Condomínio pequeno · até 50 unidades

Em condomínios pequenos, o regimento frequentemente não existe como documento separado — ou está incorporado à convenção. Essa ausência raramente gera problemas formais no dia a dia, mas coloca o síndico em posição frágil quando precisa aplicar uma multa ou resolver um conflito de uso de área comum: sem regra escrita e aprovada, a decisão fica vulnerável a contestação.

Condomínio médio · 51 a 150 unidades

Com mais unidades, as chances de conflito aumentam — especialmente em áreas compartilhadas como academia, salão de festas e vagas de garagem. Nesse porte, um regimento separado da convenção começa a fazer sentido prático: é mais fácil de atualizar (não exige o mesmo quórum da convenção) e permite detalhar regras específicas sem reescrever o documento fundador do condomínio.

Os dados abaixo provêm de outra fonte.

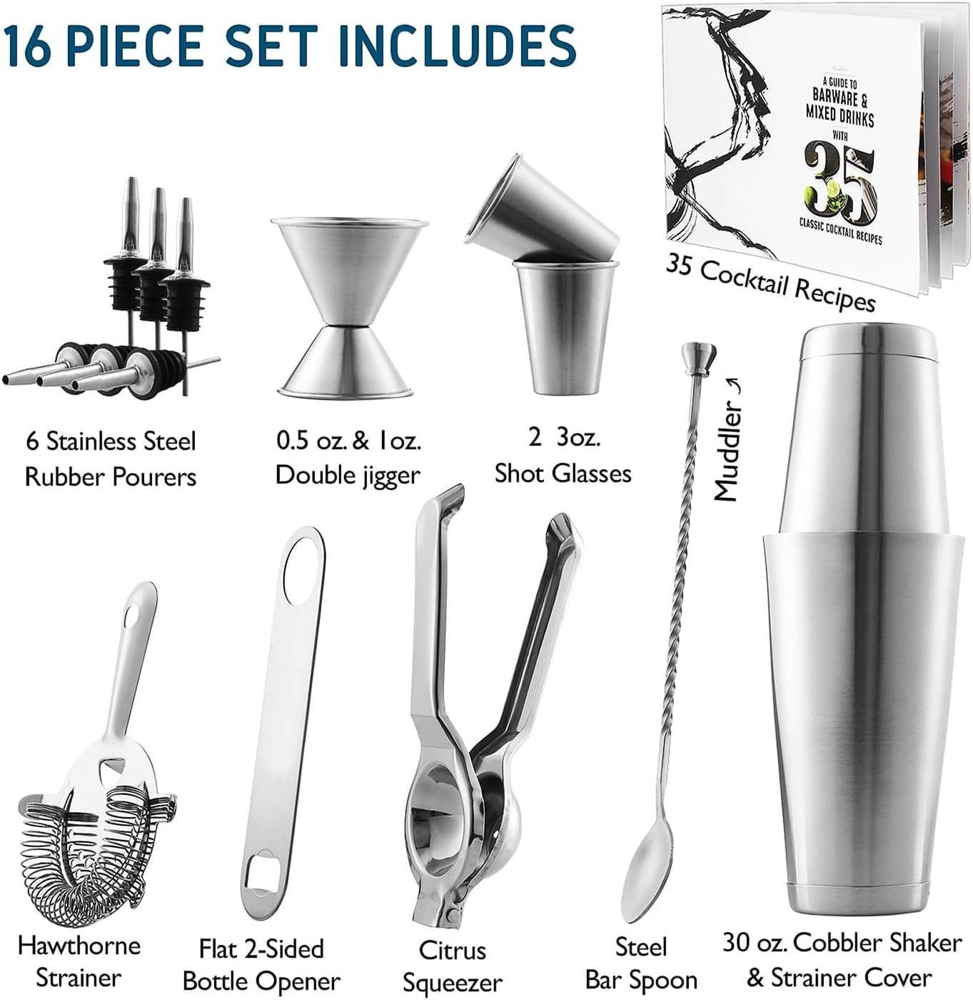 Complete Cocktail Set: Cocktail mixer set includes: 2-piece Boston cocktail shaker, 30 oz; double sided jigger, mixing spoon, Hawthorne strainer, 6 liquor pourers, 7″ flat bottle opener, citrus juicer, 2 stainless steel 3 oz shot glasses, and recipe booklet.

Condomínio grande · 151+ unidades

Em condomínios grandes, ter regimento interno desatualizado ou inexistente é um risco concreto de gestão. O volume de situações que exigem resposta formal — uso de espaços, comportamento em áreas comuns, regras para obras, conduta de visitantes — torna o regimento um instrumento de trabalho real para o síndico e para a equipe. Sem ele, a gestão opera no improviso.

O regimento interno do condomínio é o documento que disciplina o uso das áreas comuns, a convivência entre os moradores e as regras do cotidiano condominial. Tecnicamente, o Código Civil (Lei 10.406/2002) não exige o regimento interno como documento obrigatório e independente — exige a convenção condominial (art. 1.333) e prevê o regulamento interno como um dos itens que podem constar da convenção (art. 1.334, V). Na prática, a maioria das convenções torna o regimento obrigatório ao mencioná-lo expressamente. Não tê-lo, portanto, pode não ser ilegal — mas compromete diretamente a capacidade do síndico de gerir o condomínio com respaldo documental.

Regimento interno é obrigatório? O que diz a lei

A resposta direta é: depende da convenção do seu condomínio. A resposta prática é: para quase todos os condomínios, sim — porque a convenção diz que é.

O Código Civil não exige expressamente um regimento interno como documento autônomo. O que ele exige é a convenção condominial (art. 1.333), e entre os elementos que a convenção pode — e normalmente deve — conter está "o regimento interno" (art. 1.334, V).[1]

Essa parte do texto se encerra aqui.